ISLAMABAD: Pakistan’s solar energy imports have reached a cumulative capacity of 32,000 megawatts, according to an official document shared with the media. The country has so far imported approximately 2.25 billion solar panels.
Of the total capacity, 6,271 megawatts have been integrated into the national grid through net metering, a billing system that enables consumers to offset their electricity use with energy produced from solar panels. An additional 6,506 megawatts of solar capacity has been installed without net metering, the document notes.
Furthermore, the country currently has 5,521 megawatts of off-grid solar installations, while maintaining a solar inventory capable of generating an estimated 13,000 megawatts.
Industry insiders have expressed concern over the impact of duty-free solar imports on domestic manufacturers. “Imported panels are being dumped in the local market, hurting local production,” sources said.
To address this imbalance, the government has proposed an 18% general sales tax (GST) on imported solar panels in the new budget, aiming to promote local manufacturing.
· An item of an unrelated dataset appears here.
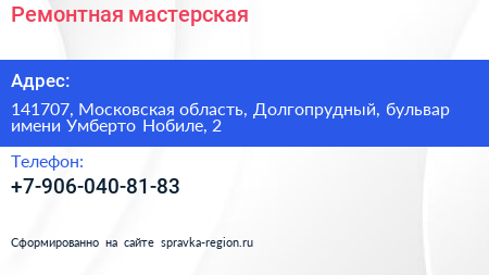 Ремонтная мастерская по адресу 141707, Московская область, Долгопрудный, бульвар имени Умберто Нобиле, 2 в дальнейшем Организация, размещена в следующих категориях: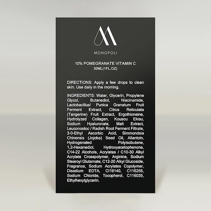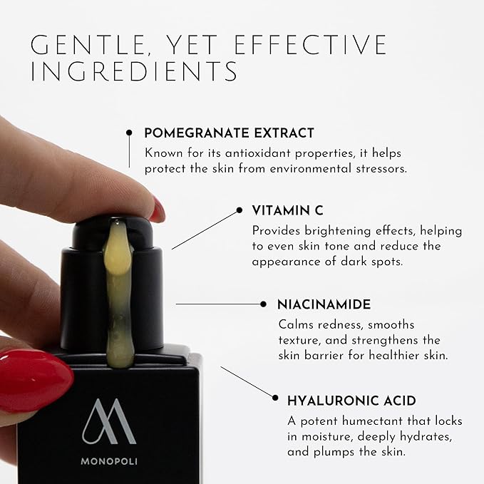 Monopoli Skin Pomegranate 10% Vitamin C Facial Serum | Boost Skin Hydration & Vitality | Fermented Pomegranate for Deep Penetration | Great for Women and Teens | Single 30ml

Notably, locally manufactured solar panels are already subject to the same 18% GST.
However, the National Assembly’s Standing Committee on Finance rejected the proposal on Tuesday. During the session, chaired by Naveed Qamar, Federal Board of Revenue (FBR) Chairman clarified that the tax applies only to imported parts used to assemble panels locally, not to fully assembled imported solar panels.
Committee member Mirza Iftikhar opposed the tax, arguing that renewable energy should remain exempt and warning that locally made panels are not only more expensive but also inferior in quality.
Despite opposition, MQM’s Javed Hanif submitted a note of dissent, supporting the proposed tax and warning that Pakistan is becoming a dumping ground for cheap imported solar products.